我有一组变量,其中包含一个人曾是否有某些健康状况的数据。例如,“你曾经心脏病发作吗?”
如果他们在观察2中说“是”,那么在观察3和4时答案仍然是肯定的。但是,在观察1时不一定是。心脏病发作可能发生在观察1和2之间。
如果他们在观察2中说“不”,那么在观察1时答案是否定的。但是,在观察3或4时不一定没有。
这是一个可重复的例子:
df <- tibble(
id = rep(1:3, each = 4),
obs = rep(1:4, times = 3),
mi_ever = c(NA, 0, 1, NA, NA, 0, NA, NA, NA, 1, NA, NA)
)
df
id obs mi_ever
1 1 1 NA
2 1 2 0
3 1 3 1
4 1 4 NA
5 2 1 NA
6 2 2 0
7 2 3 NA
8 2 4 NA
9 3 1 NA
10 3 2 1
11 3 3 NA
12 3 4 NA
使用zoo :: na.locf向后移动或向前移动我的1(是的)前进是微不足道的。但是,我不确定如何向前移动和 1的0。理想情况下,我希望得到以下结果:
id obs mi_ever mi_ever_2
1 1 1 NA 0
2 1 2 0 0
3 1 3 1 1
4 1 4 NA 1
5 2 1 NA 0
6 2 2 0 0
7 2 3 NA NA
8 2 4 NA NA
9 3 1 NA NA
10 3 2 1 1
11 3 3 NA 1
12 3 4 NA 1
我已经查看了以下帖子,但似乎没有一个完全覆盖我在这里要求的内容。
Carry last Factor observation forward and backward in group of rows in R
Forward and backward fill data frame in R
making a "dropdown" function in R
感谢任何帮助。
答案 0 :(得分:2)
基本上我在第一个1成为1之后依次标记项目,而在最后一个0之前成为0。
ever <- function (x) min( which( x == 1))
NA_1 <- function(x) seq_along(x) > ever(x) #could have done in one function
# check to see if working
ave(df$mi_ever, df$id, FUN= function(x){ x[NA_1(x) ] <- 1; x})
[1] NA 0 1 1 NA 0 NA NA NA 1 1 1
NA_0 <- function(x) seq_along(x) < not_yet(x)

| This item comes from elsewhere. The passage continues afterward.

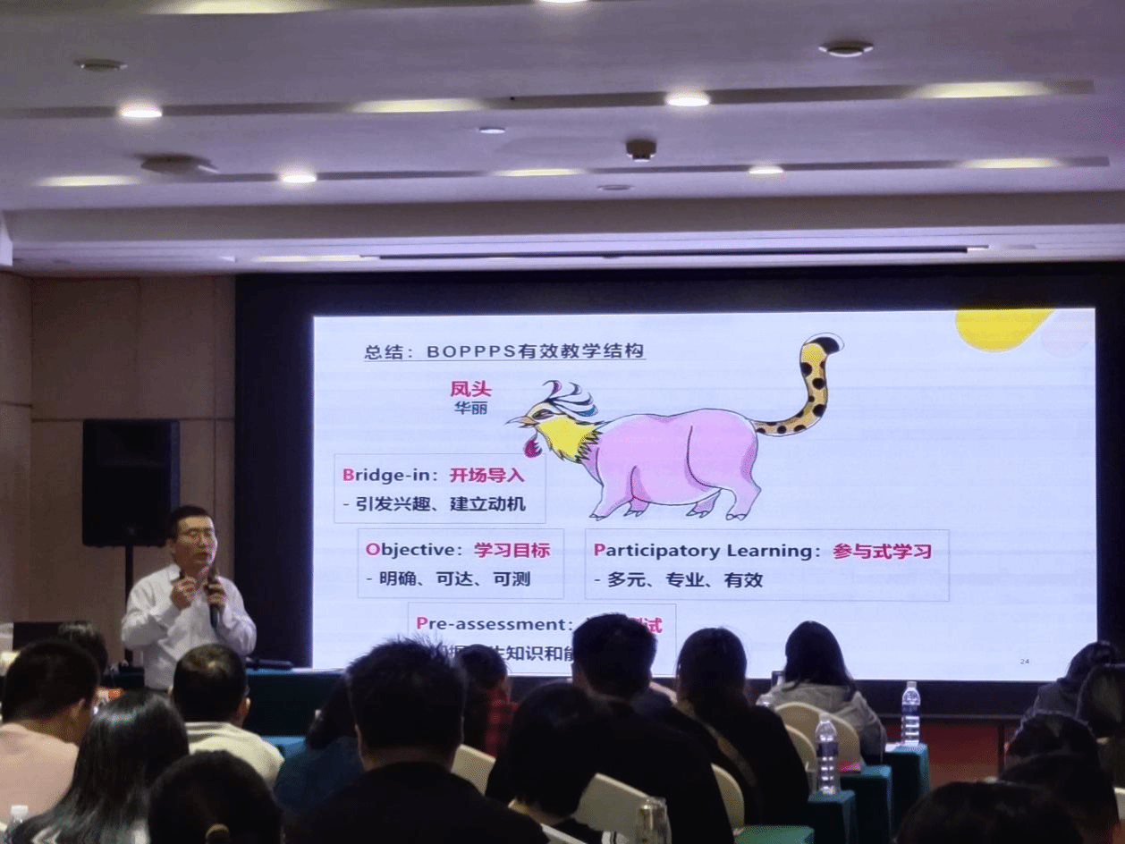 本次学习活动的主讲人是贺利坚教授,翻转课堂实践专家。贺教授基于 OBE 理念以学生为中心的课程教学大纲设计撰写与教学实施实操进行了深入分析探讨,分享了自己的经验和看法,并举出实际例子。在授课分享过程中,利用破冰行动、唱歌、分组表演、分组讨论等形式,带大家深入体会翻转课堂的魅力。

not_yet <- function(x){ max( which( x==0)) }
# make temporary version of 1-modified column
temp1 <- ave(df$mi_ever, df$id, FUN= function(x){ x[NA_1(x) ] <- 1; x})
df$ever2 <- ave(temp1, df$id, FUN= function(x){ x[NA_0(x) ] <- 0; x})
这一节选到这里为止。